OPINIONFinancing

A reminder that ease and convenience usually win

The Bottom Line: As a recent study on third-party delivery demonstrates, convenience and ease will drive sales. Even during a difficult environment.
Delivery
Delivery is growing, largely because of its easiness. | Photo: Shutterstock.

Third-party delivery from restaurants has been growing in popularity since it first really emerged as a nationwide option about six years ago. The pandemic put that service on overdrive. But then it kept going even since then. Orders at DoorDash, for instance, grew 19% last quarter. 

We’ve long wondered why, given consumers’ general rejection of rising prices. This is a cut-back environment right now. More than three-quarters said in a McKinsey survey, for instance, that they plan to buy cheaper stuff in the coming months. 

But a study for Restaurant Business by Intouch Insight on third-party delivery provides some insight into that, something we discussed on this week’s podcast and in the most recent edition of The Bottom Line newsletter.

In short, consumers like easy. And they’ll pay for it. 

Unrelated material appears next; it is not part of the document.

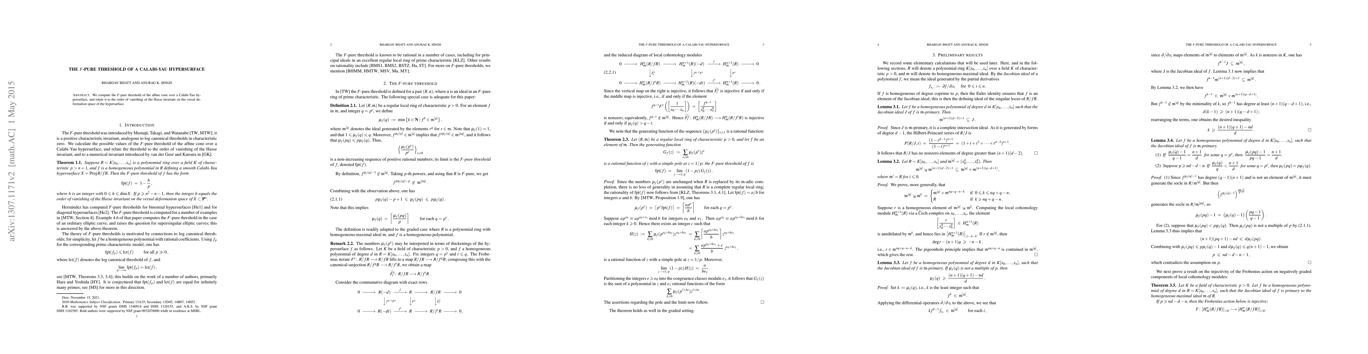 Summary: This paper computes the F-pure threshold of the affine cone over a Calabi-Yau hypersurface and connects it to the order of vanishing of the Hasse invariant on the versal deformation space, establishing a link between positive characteristic numerical invariants and classical deformation theory.

Convenience has long been a winning ingredient in the restaurant space. People are busy and don’t have time to cook. 

Their need for ease and convenience has driven the growth of chains, in part because there is a simplicity in knowing the quality and price of a restaurant before you get there. 

It has driven demand for drive-thrus, driving the success of fast-food chains and some fast-casuals. 

Many of those fast-casual chains generally avoided such lanes, at least in part to differentiate themselves from their quick-service cousins. But more are getting on board with that, given consumers’ preference for using those lanes.

Demand for convenience and simplicity drove much of the success of Domino’s before the pandemic, as it highlighted its ease of use to get customers.

Customers typically pay an additional $8 or so for an order on one of the apps, between higher menu prices charged by the restaurant and various fees from the services themselves, according to the Intouch study. These prices drive up the cost of the order. 

But there is value in what delivery services have to offer. For one thing, there is the fact that a person who orders delivery doesn’t have to leave the house. For late-night consumers or busy families, that extra few bucks is worth it when they don’t have to get dressed and get in the car. 

At the same time, the apps themselves are easy to use. Nearly every customer in the Intouch study said it was easy to use the apps from DoorDash, Uber Eats or Grubhub. 

Effectively, the apps are places where customers can shop for the night’s meal from a selection of restaurants, similar to the way Amazon has changed the way a person shops for socks or television sets. 

Maybe the most telling statistic comes from Papa Johns, which started using third-party aggregators in 2018, before any of its rivals did so. Third-party delivery now represents 15% of its sales, even as sales through its own delivery channels have stumbled. 

Papa Johns is as easy as it gets when it comes to ordering a pizza. And yet 15% of its customers (or so) are willing to pay more just to be able to use an aggregation app to order their pizza. 

It remains to be seen how much of the restaurant business third-party delivery becomes responsible for. 

But it’s also evident from the study that such companies are getting better, as highlighted by the 90% satisfaction with restaurant delivery—far better than convenience store delivery, which is newer and, according to the Intouch results, more problematic. 

We were long skeptics about third-party delivery in the U.S., for a variety of reasons—the presence of the drive-thru, the inability of the companies to make a profit, the logistical challenges of the service and, of course, its cost. 

We were clearly wrong. Easy works. As it always has.